People who work in this occupation generally have the interest code: IR.

This means people who work in this occupation generally have Investigative interests, but also prefer Realistic environments.

Work Values

People who work in this occupation generally prize Recognition, but also value Achievement and Working Conditions in their jobs.

Things They Need to Know

  • Engineering and Technology - Knowledge of the practical application of engineering science and technology. This includes applying principles, techniques, procedures, and equipment to the design and production of various goods and services.
  • Mathematics - Knowledge of arithmetic, algebra, geometry, calculus, statistics, and their applications.
  • Chemistry - Knowledge of the chemical composition, structure, and properties of substances and of the chemical processes and transformations that they undergo. This includes uses of chemicals and their interactions, danger signs, production techniques, and disposal methods.
  • Physics - Knowledge and prediction of physical principles, laws, their interrelationships, and applications to understanding fluid, material, and atmospheric dynamics, and mechanical, electrical, atomic and sub- atomic structures and processes.
  • Design - Knowledge of design techniques, tools, and principles involved in production of precision technical plans, blueprints, drawings, and models.

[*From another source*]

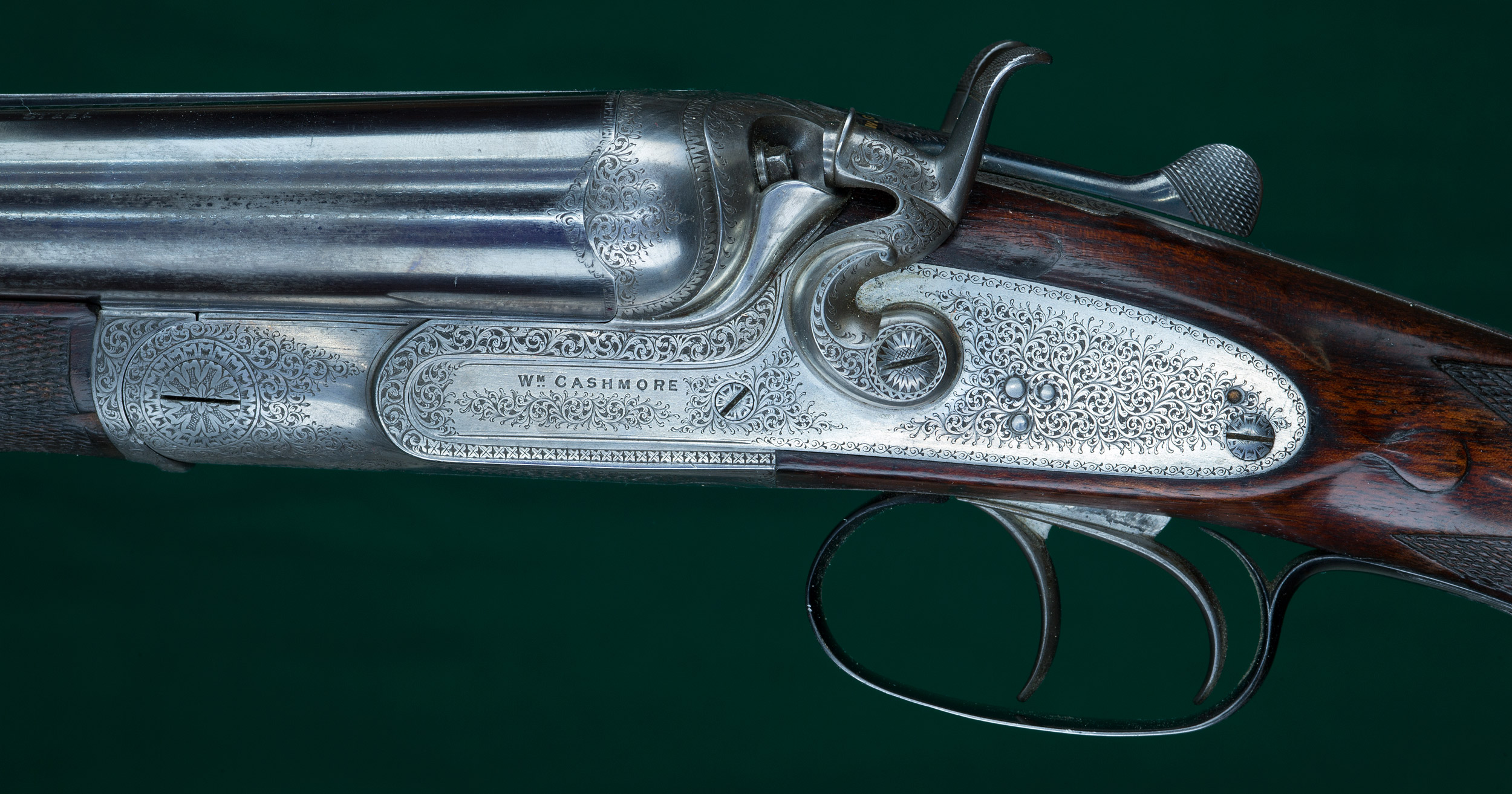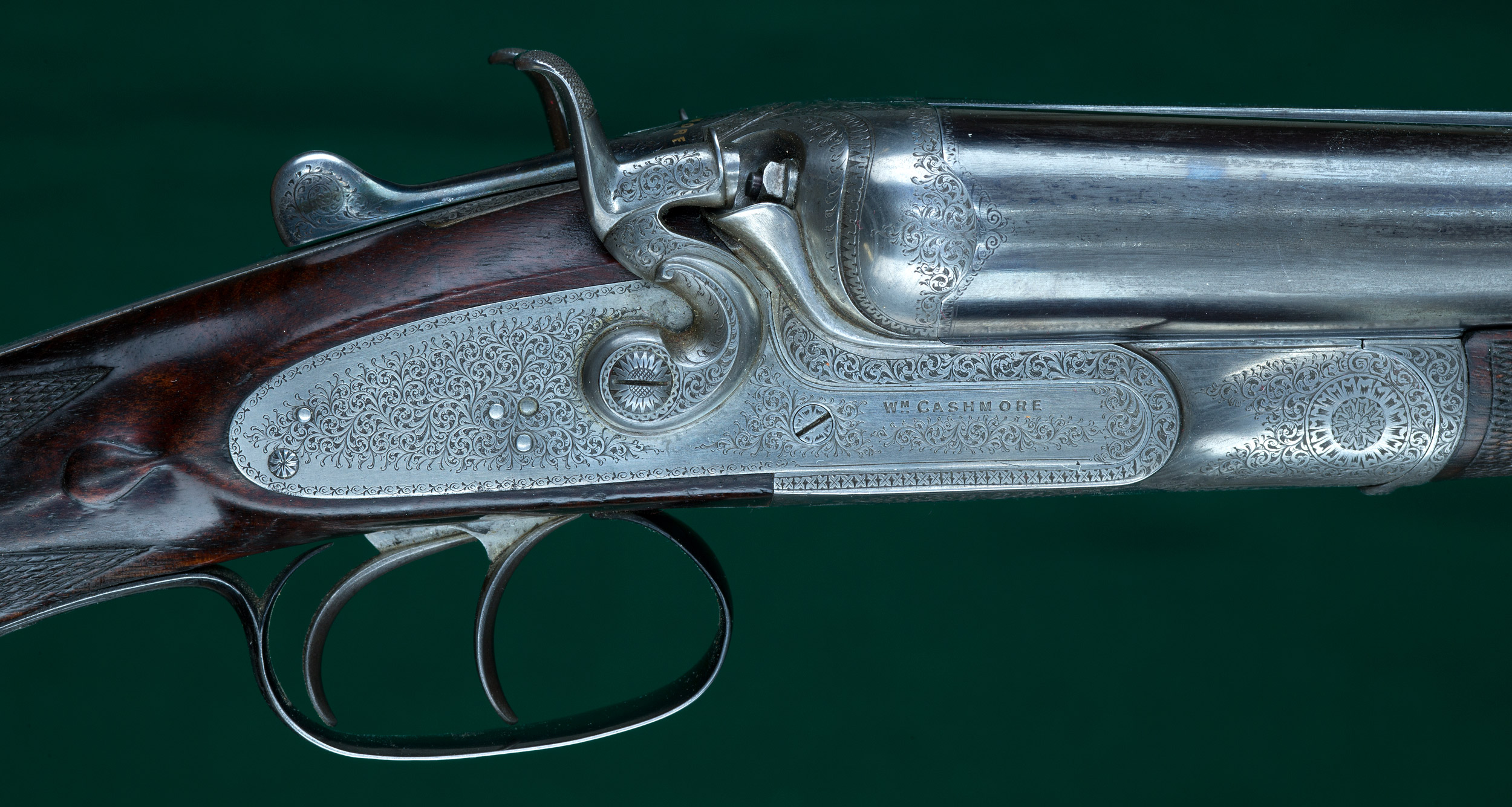 | Fine scroll engraved receiver with rebounding hammers, percussion fences, |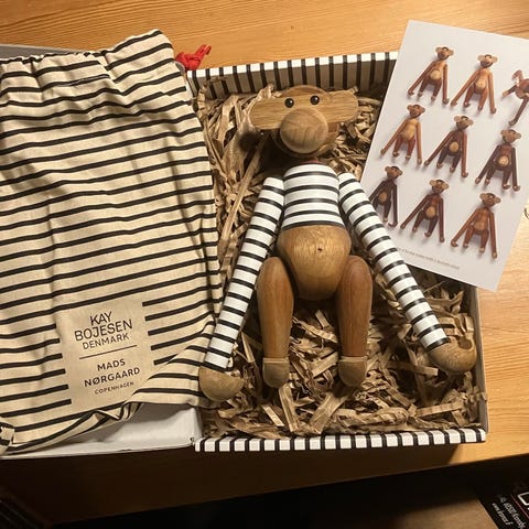 Kay Bojesen Mads Nørgaard abe træfigur med stribet bluse. Aben er udført i træ og leveres i æske med stribet stofpose. Designet kombinerer Kay Bojesens klassiske abe med Mads Nørgaards karakteristiske stribede mønster. Velegnet som dekoration i hjemmet eller som samleobjekt.

Things They Need to Be Able to Do

  • Science - Using scientific rules and methods to solve problems.
  • Complex Problem Solving - Identifying complex problems and reviewing related information to develop and evaluate options and implement solutions.
  • Critical Thinking - Using logic and reasoning to identify the strengths and weaknesses of alternative solutions, conclusions or approaches to problems.
  • Reading Comprehension - Understanding written sentences and paragraphs in work related documents.
  • Mathematics - Using mathematics to solve problems.
  • Systems Analysis - Determining how a system should work and how changes in conditions, operations, and the environment will affect outcomes.
  • Judgment and Decision Making - Considering the relative costs and benefits of potential actions to choose the most appropriate one.

Education Required

Most of these occupations require a four-year bachelor's degree, but some do not.

Wages

In 2016, the average annual wage in Kansas City, MO-KS was $106,330 with most people making between $67,130 and $158,280

Outlook

3.69%
avg. annual growth

During 2012, this occupation employed approximately 217 people in Kansas City, MO-KS. It is projected that there will be 249 employed in 2022.

This occupation will have about 8 openings due to growth and about 24 replacement openings for approximately 32 total annual openings.